EXERCISE REQUIREMENTS: Everything in the records must be copied exactly except the pictures.

[[ TASK DATA, beginning ]]

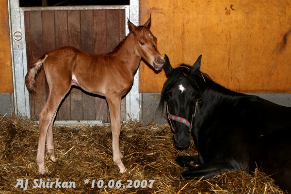 Am 10. Juni um ca. 4:30 Uhr hat Skarabell ein Hengstfohlen mit dem Namen AJ Shirkan zur Welt gebracht. Wie immer bei Skarabell gab es keine Probleme. Shirkan mischt inzwischen unsere Herde ganz schön auf, er hat vor nichts und niemandem Angst.
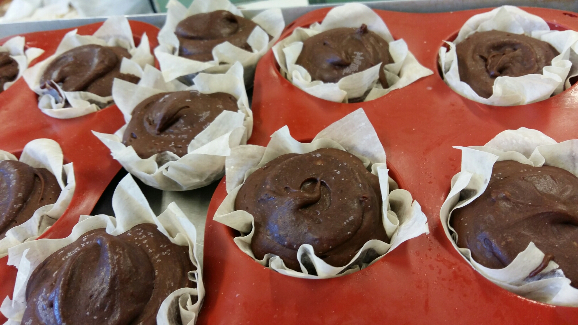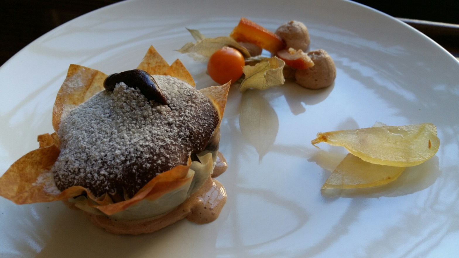Derretimos el chocolate y la mantequilla en el microondas. Batimos los huevos junto con las yemas y el azúcar. Añadimos la mezcla anterior y por ultimo la harina.
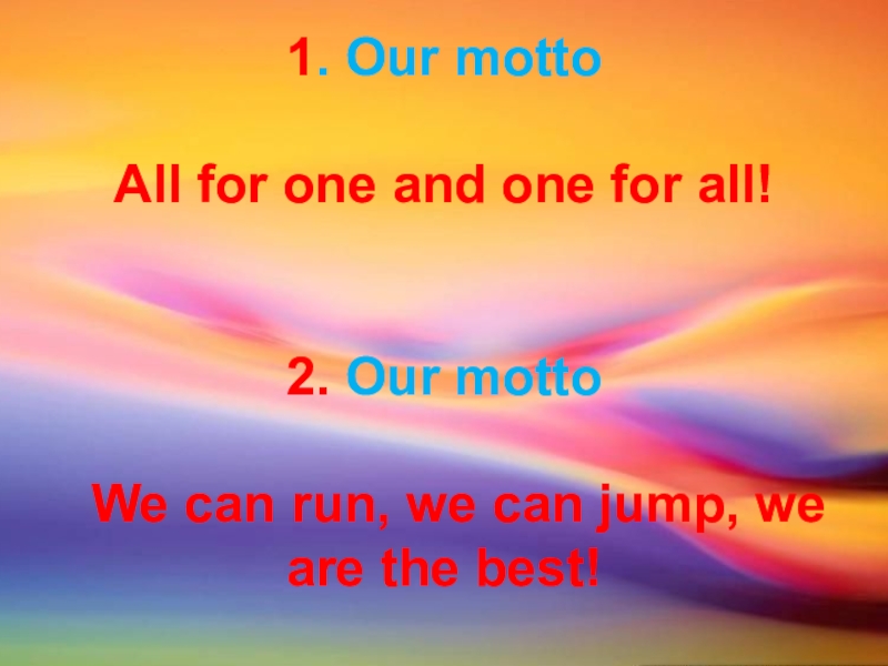 Слайд 121. Our motto All for one and one for all! 2. Our
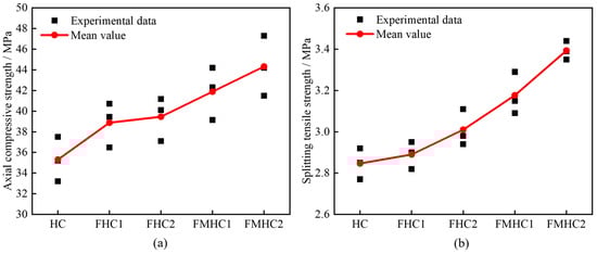 Test results of static tests. (a) Axial compressive strength; (b) splitting tensile strength.
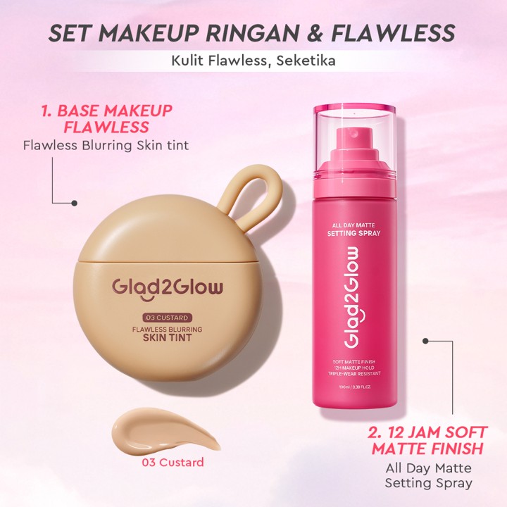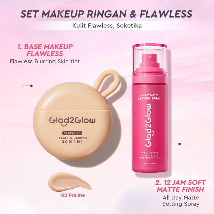 Glad2Glow Flawless Blurring Skin Tint menawarkan solusi makeup lengkap dengan coverage full namun tetap terasa ringan seperti tidak memakai apa pun. Diformulasikan dengan teknologi Bio-Mimetic Film dan kandungan Squalane, produk ini menjamin hasil flawless tahan hingga 12 jam sambil merawat kulit. Dengan harga di bawah Rp 60.000, produk ini menjadi alternatif premium yang sangat terjangkau untuk mencari foundation berkualitas tinggi.
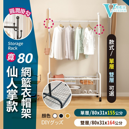【VENCEDOR】 80cm 仙人掌造型網籃鏤空衣帽架附輪 80公分掛衣桿籃網 置物架 現貨 滿499免運

[[ TASK DATA, end ]]

EXPECTED OUTPUT:
 Am 10. Juni um ca. 4:30 Uhr hat Skarabell ein Hengstfohlen mit dem Namen AJ Shirkan zur Welt gebracht. Wie immer bei Skarabell gab es keine Probleme. Shirkan mischt inzwischen unsere Herde ganz schön auf, er hat vor nichts und niemandem Angst.
Derretimos el chocolate y la mantequilla en el microondas. Batimos los huevos junto con las yemas y el azúcar. Añadimos la mezcla anterior y por ultimo la harina.
 Слайд 121. Our motto All for one and one for all! 2. Our
 Test results of static tests. (a) Axial compressive strength; (b) splitting tensile strength.
 Glad2Glow Flawless Blurring Skin Tint menawarkan solusi makeup lengkap dengan coverage full namun tetap terasa ringan seperti tidak memakai apa pun. Diformulasikan dengan teknologi Bio-Mimetic Film dan kandungan Squalane, produk ini menjamin hasil flawless tahan hingga 12 jam sambil merawat kulit. Dengan harga di bawah Rp 60.000, produk ini menjadi alternatif premium yang sangat terjangkau untuk mencari foundation berkualitas tinggi.
【VENCEDOR】 80cm 仙人掌造型網籃鏤空衣帽架附輪 80公分掛衣桿籃網 置物架 現貨 滿499免運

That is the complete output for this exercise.